Bonding is a fashionable term today. In many hospitals special time is devoted for bonding, and there must be few midwives and obstetricians who would not claim that they consider bonding important. But everything that happens after delivery is the outcome of what has gone before. Bonding is cither spontaneous and easy, or made virtually impossible by the atmosphere at delivery and by the care a woman is given as a person, not merely a "para 1," an elderly primigrvida, a maternal pelvis, a contracting uterus, or a dilating cervix.
The way we give birth is important to all of us because it has a great deal to do with the kind of society we want to live in, the significance of the coming to birth of a new person and a new family.
When we hand over responsibility for choosing between alternatives on the basis of what we believe to be right, we hand over responsibility for the quality of the society we, and our children, must live in.
Sheila Kitzinger
Preface
My first daughter, Nina, was born in 1970. I attended preparation classes and was hoping for a natural birth. I was active until strong labor began, and then I lay passively in bed, semireclining, for the last three hours.

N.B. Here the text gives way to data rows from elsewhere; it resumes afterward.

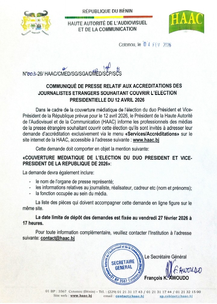 ÉLECTION PRÉSIDENTIELLE DU 12 AVRIL AU BÉNIN : La HAAC publie les conditions d’accréditation des médias étrangers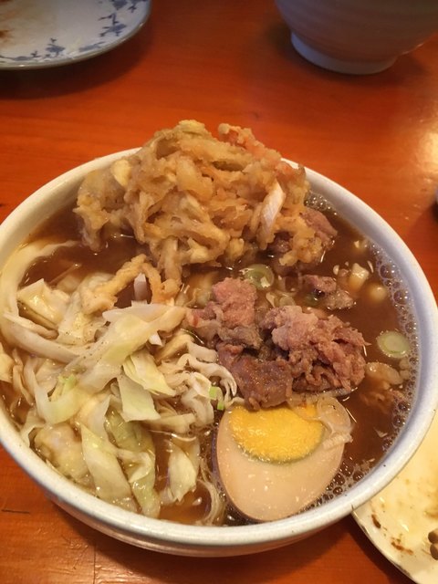 魚介系の出汁に醤油と味噌の濃い合わせスープの香りが疲れた体に沁みます〜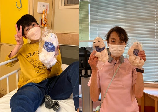 今年1月には従業員の皆様が病棟を訪問され、入院中の子どもたちに直接ぬいぐるみをプレゼントされました。ぬいぐるみを見て目を輝かせる子どもたち、受け取ったぬいぐるみを「かわいい!」と抱きしめる子どもたちの様子をご覧になり、ファシリティドッグによる心のケアを実感していただくことができました。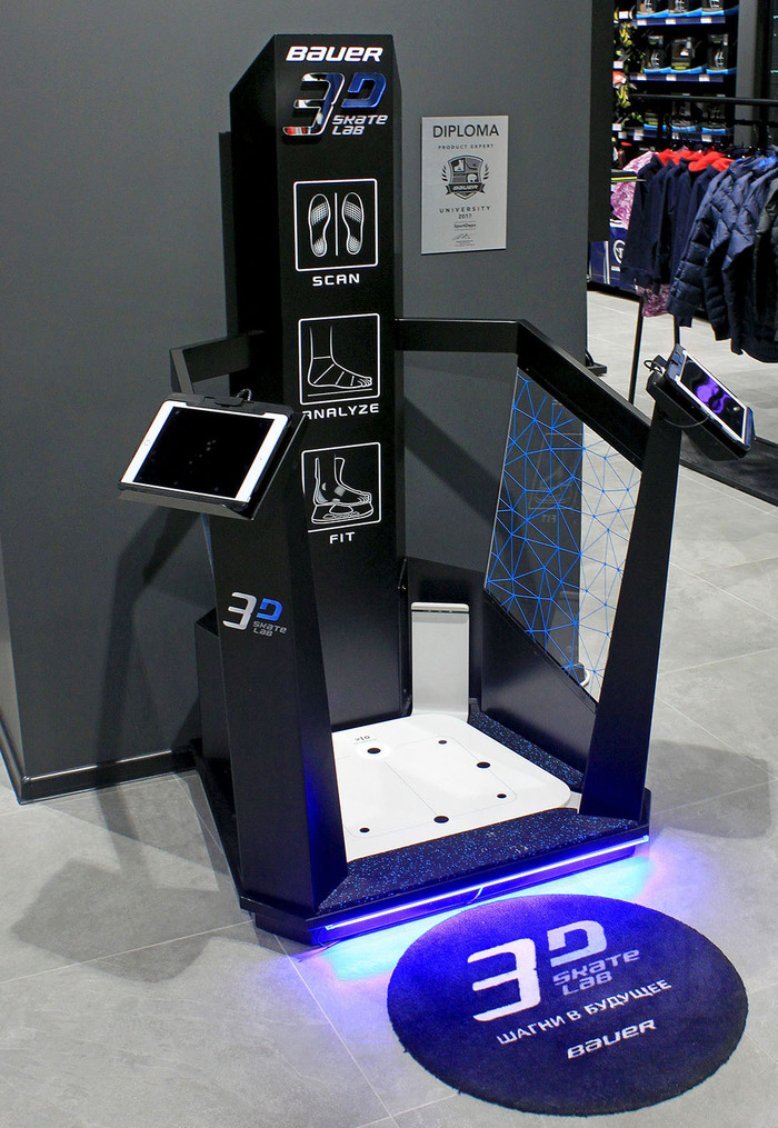 Так же у некоторых производителей есть специальные 3D сканеры, которые позволяют узнать все параметры ноги и подобрать максимально подходящую модель, а так же использовать эти данные при изготовлении индивидуальных моделей коньков для профессионалов.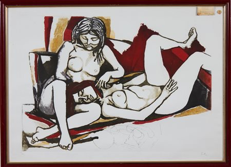 GUTTUSO RENATO (1912 - 1987) Nudi femminili. Litografia. Cm 100,00 x 73,00. P. A. in basso a sinistra. Cornice presente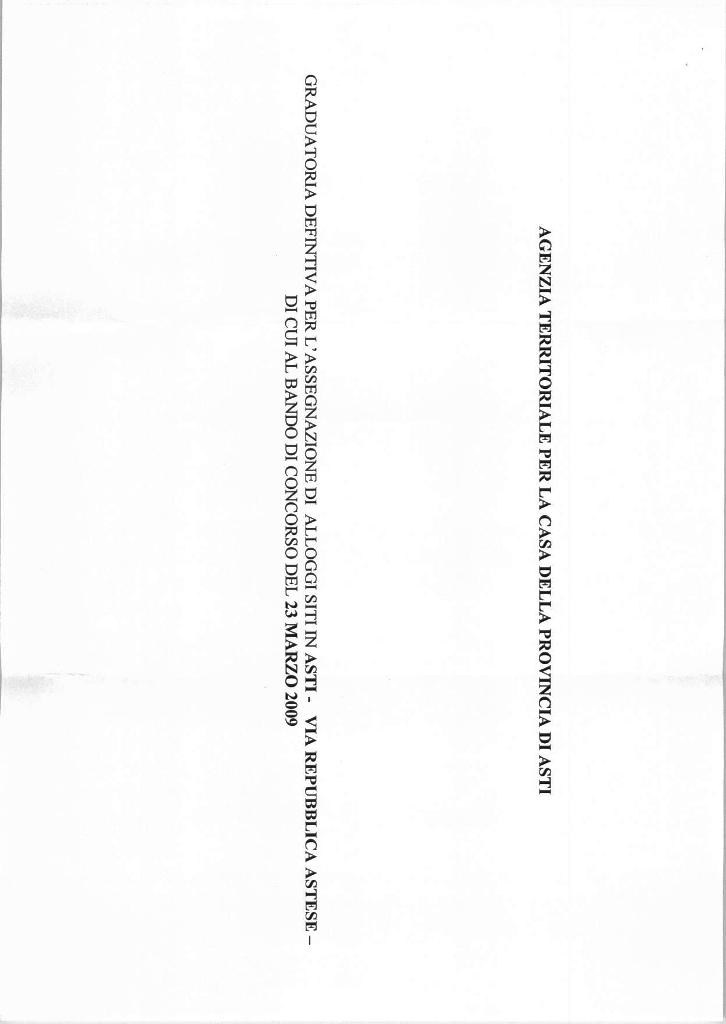 | Description | Graduatoria definitiva bando per l'assegnazione di alloggi nel Comune di Asti. |

Fortunately there were no complications, and I managed, with enormous effort and the help of an unnecessary episiotomy, to give birth to her spontaneously.

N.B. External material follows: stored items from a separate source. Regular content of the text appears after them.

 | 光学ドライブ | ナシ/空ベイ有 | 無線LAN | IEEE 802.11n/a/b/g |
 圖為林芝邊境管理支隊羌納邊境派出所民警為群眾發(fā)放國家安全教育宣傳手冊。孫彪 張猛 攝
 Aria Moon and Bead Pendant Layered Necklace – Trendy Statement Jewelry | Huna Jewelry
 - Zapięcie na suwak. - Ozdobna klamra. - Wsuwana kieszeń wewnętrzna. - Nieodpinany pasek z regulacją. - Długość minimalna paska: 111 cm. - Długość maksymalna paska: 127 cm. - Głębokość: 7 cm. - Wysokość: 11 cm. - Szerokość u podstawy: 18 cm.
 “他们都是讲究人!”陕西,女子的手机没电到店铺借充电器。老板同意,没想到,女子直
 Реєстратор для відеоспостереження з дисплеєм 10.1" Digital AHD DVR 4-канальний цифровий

I discovered active childbirth during the birth of my second daughter, Kim. During this pregnancy I had taken up yoga and enjoyed practicing the yoga postures, finding some of them particularly beneficial as the pregnancy advanced. A study of the history of childbirth revealed how some of the yoga postures, especially squatting, are similar to birth positions used throughout the ages. An anatomical study of the female pelvis clarified that these postures relaxed and "opened" the pelvic canal and were ideal movements to adopt when trying to evacuate its contents.
Consequently, when it came to labor, I began by following the usual instructions given in prenatal classes and made myself comfortable in the semireclining position, focusing on some breathing techniques. Progress was slow, and while the breathing techniques kept me calm and centered, they seemed to distract me from the labor. Eventually I decided to get up and try some of the positions I had practiced during pregnancy. The change in progress was dramatic, and it dawned on me, for the first time, that it is necessary for a woman to move and to be in harmony with gravity in order to help her body to open up in labor. I realized then that squatting, and its variations, is the logical position for any woman to adopt while giving birth and is the most important position to practice during pregnancy. I resolved then and there to improve my squatting before my next labor.

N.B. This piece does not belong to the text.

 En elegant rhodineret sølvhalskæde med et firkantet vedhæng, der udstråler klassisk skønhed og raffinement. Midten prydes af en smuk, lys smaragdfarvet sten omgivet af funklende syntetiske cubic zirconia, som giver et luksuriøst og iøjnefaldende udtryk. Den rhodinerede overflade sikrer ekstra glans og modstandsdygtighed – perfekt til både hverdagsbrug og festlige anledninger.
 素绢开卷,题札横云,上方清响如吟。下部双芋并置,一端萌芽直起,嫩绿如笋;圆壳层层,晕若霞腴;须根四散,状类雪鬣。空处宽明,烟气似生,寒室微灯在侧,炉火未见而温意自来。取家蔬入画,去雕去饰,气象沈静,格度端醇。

During my son Iasonas's birth I kept activewalking, squatting, and kneelingand gave birth to him on all fours. It was a marvelous experience. I had an entirely new sense of control and knew instinctively what to do. I was up within hours of the birth and felt none of the aches and pains I had for a week or two after my previous births, despite the fact that he was almost a 10-pound baby. I was astonished how fit and well I felt after the birth, and I suffered no exhaustion or depression in the following months.